__Work order__
Without any pictures, the records below should be reproduced exactly.
^^^^
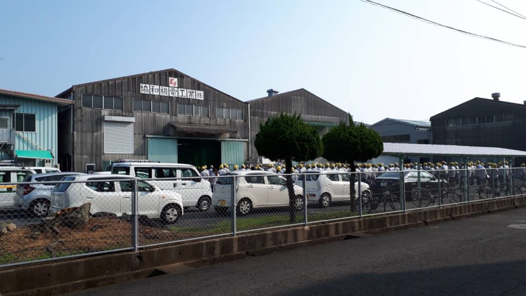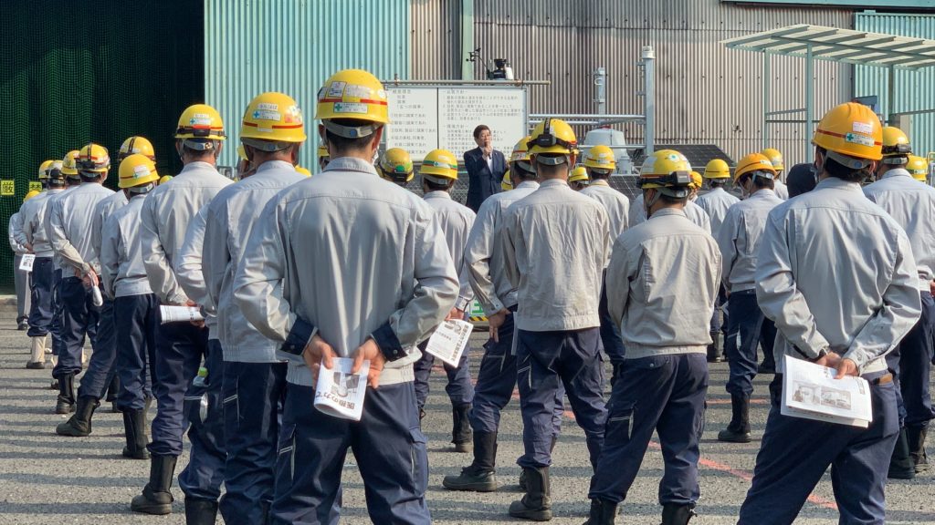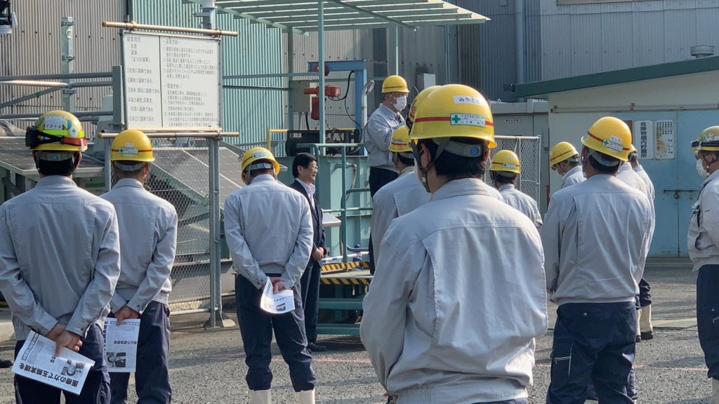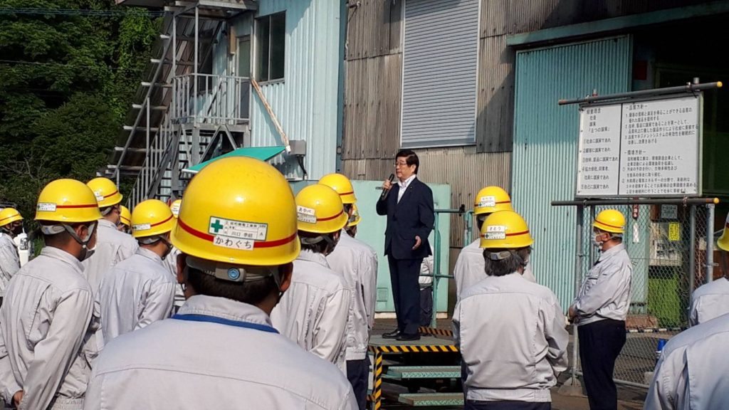 協和機電工業(株)の時津営業所の朝礼でご挨拶をさせていただきました。
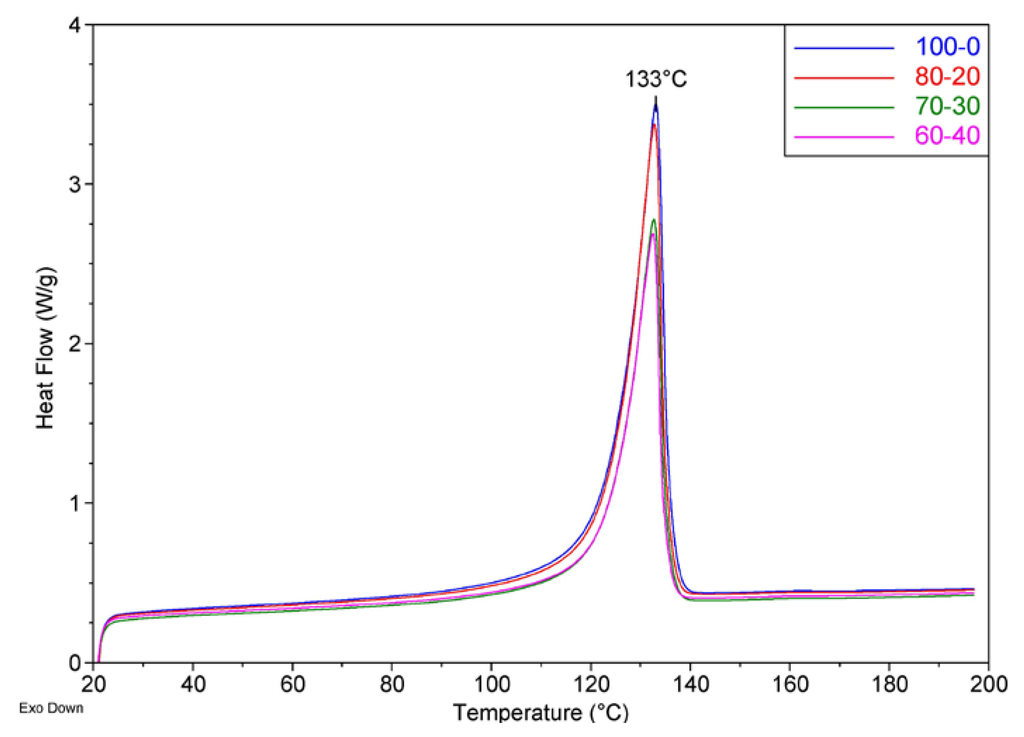 Differential Scanning Calorimetry curves of the 100–0 (a), 80–20 (b), 70–30 (c), and 60–40 (d) composites.
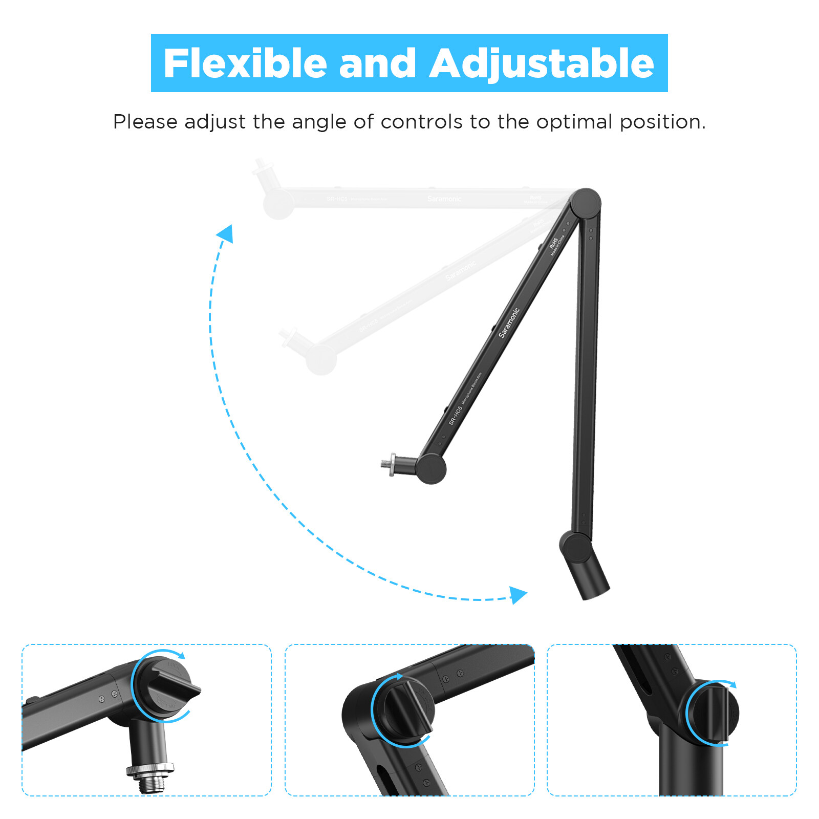 With the smooth Locking knob, the SR-HC5 microphone boom arm is easy to adjust which could be simply moved up and down 180°to provide you a perfect angle. The hidden cable management saves your desktop the mess of tangled cables, frees up a lot of space on your desk, and keeps a neat and clean look while recording.
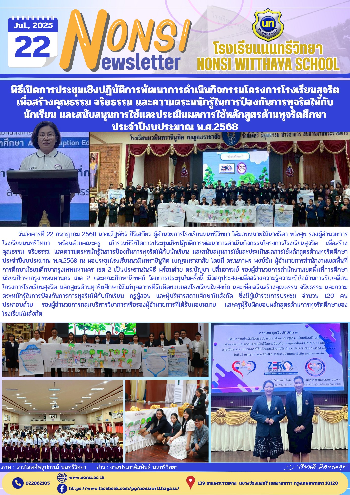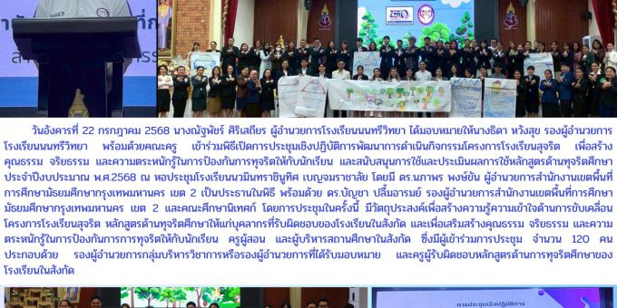 Posted in ข่าวประชาสัมพันธ์, ภาพกิจกรรม พิธีเปิดการประชุมเชิงปฏิบัติการพัฒนาการดำเนินกิจกรรมโครงการโรงเรียนสุจริต เพื่อสร้างคุณธรรม จริยธรรม และความตระหนักรู้ในการป้องกันการทุจริตให้กับนักเรียน และสนับสนุนการใช้และประเมินผลการใช้หลักสูตรด้านทุจริตศึกษา ประจำปีงบประมาณ พ.ศ.2568 Admin กรกฎาคม 25, 2025 Leave a comment Author: Admin
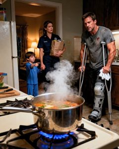 I looked across the small kitchen. Ryan’s brace leaned against the wall while he carefully stitched Mason’s torn backpack strap.
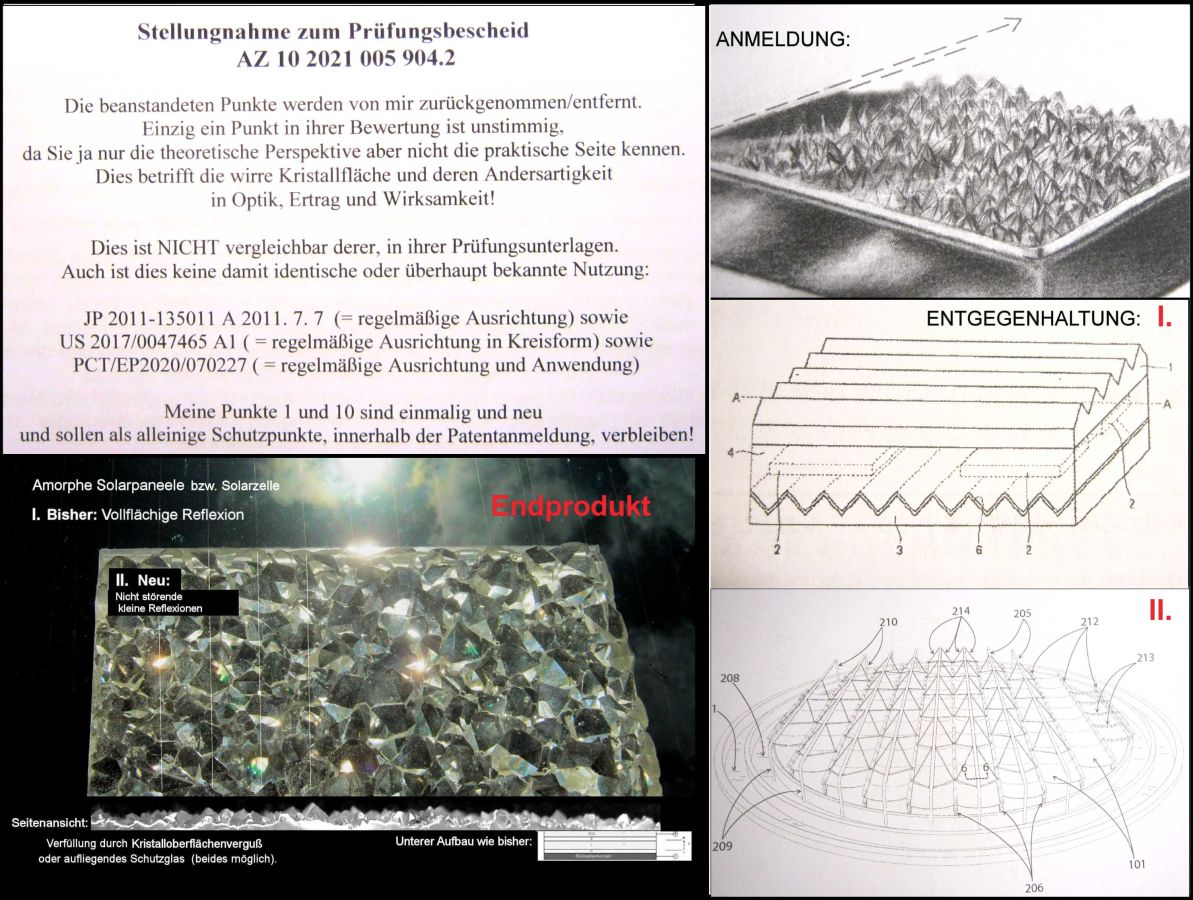 „Ihre Patentanmeldung mit dem Aktenzeichen 10 2021 005 904.2 mit der Bezeichnung ‚Solarmodul bzw. Solarpaneel mit größtmöglicher Oberfläche‘ befindet sich noch im Patentprüfungsverfahren. Das Patent wurde bisher nicht erteilt. Status: Anhängig/in Kraft.“
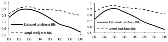 Table 3 shows the estimated confidence scores and final scores of the output detection models BB1 and BB2 under different learning rates. Figure 9 shows the change trend of the confidence score. After analyzing Table 3 and Figure 9, we can see that, with the decrease of learning rate, all of the confidence prediction score and actual score of model experienced a rising trend firstly and then decreasing. When the learning rate reaches D3 (10−2), the confidence score reaches a maximum value, and the confidence level remains within a stable range with the change of learning rate. Based on the above analysis, when the learning rate is 10−2, the proposed model can obtain a more accurate recognition rate.
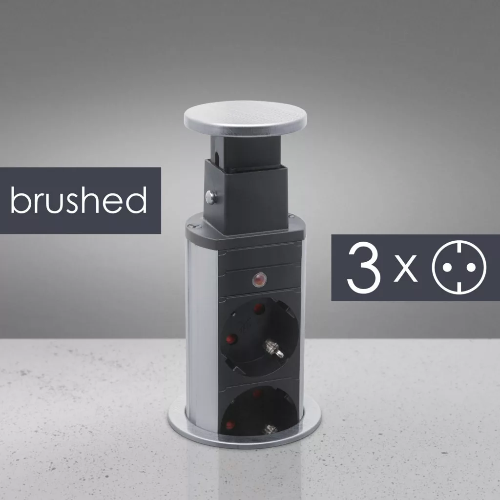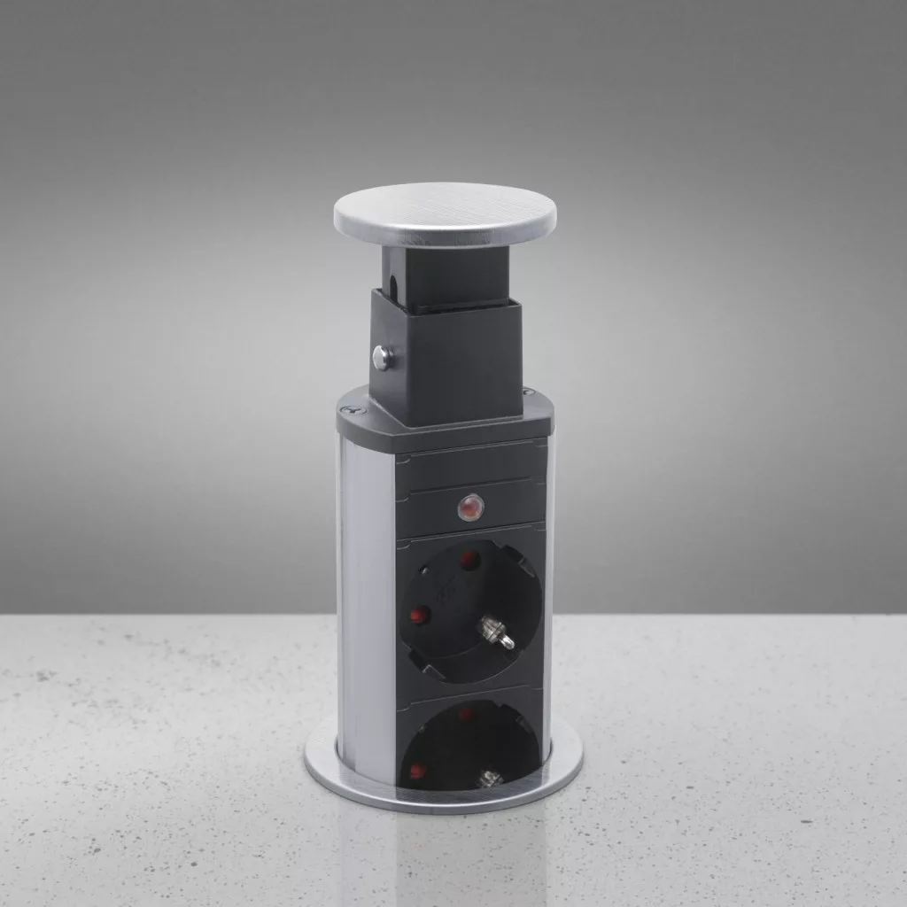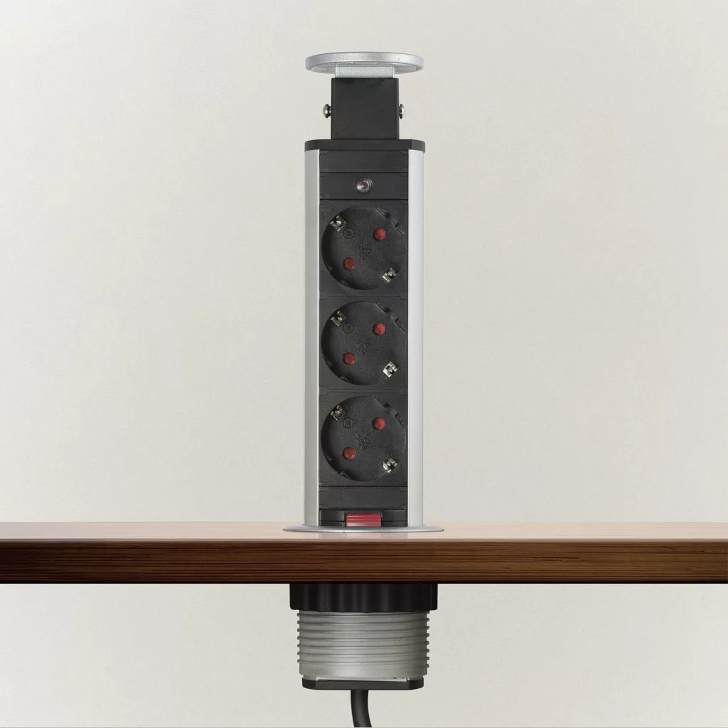 Süllyeszthető elosztó irodai és otthoni felhasználásra, fém házzal, 3 db gyermekvédelemmel ellátott aljzattal. Asztala, bútora legyen mindig elegáns és rendezett, mégis funkcionális. A rejtett elosztó kiváló megoldás lehet ha már például kész konyhával rendelkezik, de nincs elegendő konnektor a kívánt helyen. Ilyenkor falvésés és villamos hálózat bővítés nélkül, remek alternatíva lehet egy rejtett elosztó. Egy mozdulat és máris rendelkezésre áll 3 szabad konnektor. Ideális lehet olyan elektromos eszközökhöz, amit nem folyamatosan használunk, kenyérpirító, vízforraló... Ha használaton kívül vannak, a "töltőoszlop" egy mozdulattal elrejthető, ezzel is megkönnyítve például a takarítást, valamint rendezett, letisztult külsőt ad a helységnek.
^^^^
__Result for this exercise__
 協和機電工業(株)の時津営業所の朝礼でご挨拶をさせていただきました。
 Differential Scanning Calorimetry curves of the 100–0 (a), 80–20 (b), 70–30 (c), and 60–40 (d) composites.
 With the smooth Locking knob, the SR-HC5 microphone boom arm is easy to adjust which could be simply moved up and down 180°to provide you a perfect angle. The hidden cable management saves your desktop the mess of tangled cables, frees up a lot of space on your desk, and keeps a neat and clean look while recording.
 Posted in ข่าวประชาสัมพันธ์, ภาพกิจกรรม พิธีเปิดการประชุมเชิงปฏิบัติการพัฒนาการดำเนินกิจกรรมโครงการโรงเรียนสุจริต เพื่อสร้างคุณธรรม จริยธรรม และความตระหนักรู้ในการป้องกันการทุจริตให้กับนักเรียน และสนับสนุนการใช้และประเมินผลการใช้หลักสูตรด้านทุจริตศึกษา ประจำปีงบประมาณ พ.ศ.2568 Admin กรกฎาคม 25, 2025 Leave a comment Author: Admin
 I looked across the small kitchen. Ryan’s brace leaned against the wall while he carefully stitched Mason’s torn backpack strap.
 „Ihre Patentanmeldung mit dem Aktenzeichen 10 2021 005 904.2 mit der Bezeichnung ‚Solarmodul bzw. Solarpaneel mit größtmöglicher Oberfläche‘ befindet sich noch im Patentprüfungsverfahren. Das Patent wurde bisher nicht erteilt. Status: Anhängig/in Kraft.“
 Table 3 shows the estimated confidence scores and final scores of the output detection models BB1 and BB2 under different learning rates. Figure 9 shows the change trend of the confidence score. After analyzing Table 3 and Figure 9, we can see that, with the decrease of learning rate, all of the confidence prediction score and actual score of model experienced a rising trend firstly and then decreasing. When the learning rate reaches D3 (10−2), the confidence score reaches a maximum value, and the confidence level remains within a stable range with the change of learning rate. Based on the above analysis, when the learning rate is 10−2, the proposed model can obtain a more accurate recognition rate.
 Süllyeszthető elosztó irodai és otthoni felhasználásra, fém házzal, 3 db gyermekvédelemmel ellátott aljzattal. Asztala, bútora legyen mindig elegáns és rendezett, mégis funkcionális. A rejtett elosztó kiváló megoldás lehet ha már például kész konyhával rendelkezik, de nincs elegendő konnektor a kívánt helyen. Ilyenkor falvésés és villamos hálózat bővítés nélkül, remek alternatíva lehet egy rejtett elosztó. Egy mozdulat és máris rendelkezésre áll 3 szabad konnektor. Ideális lehet olyan elektromos eszközökhöz, amit nem folyamatosan használunk, kenyérpirító, vízforraló... Ha használaton kívül vannak, a "töltőoszlop" egy mozdulattal elrejthető, ezzel is megkönnyítve például a takarítást, valamint rendezett, letisztult külsőt ad a helységnek.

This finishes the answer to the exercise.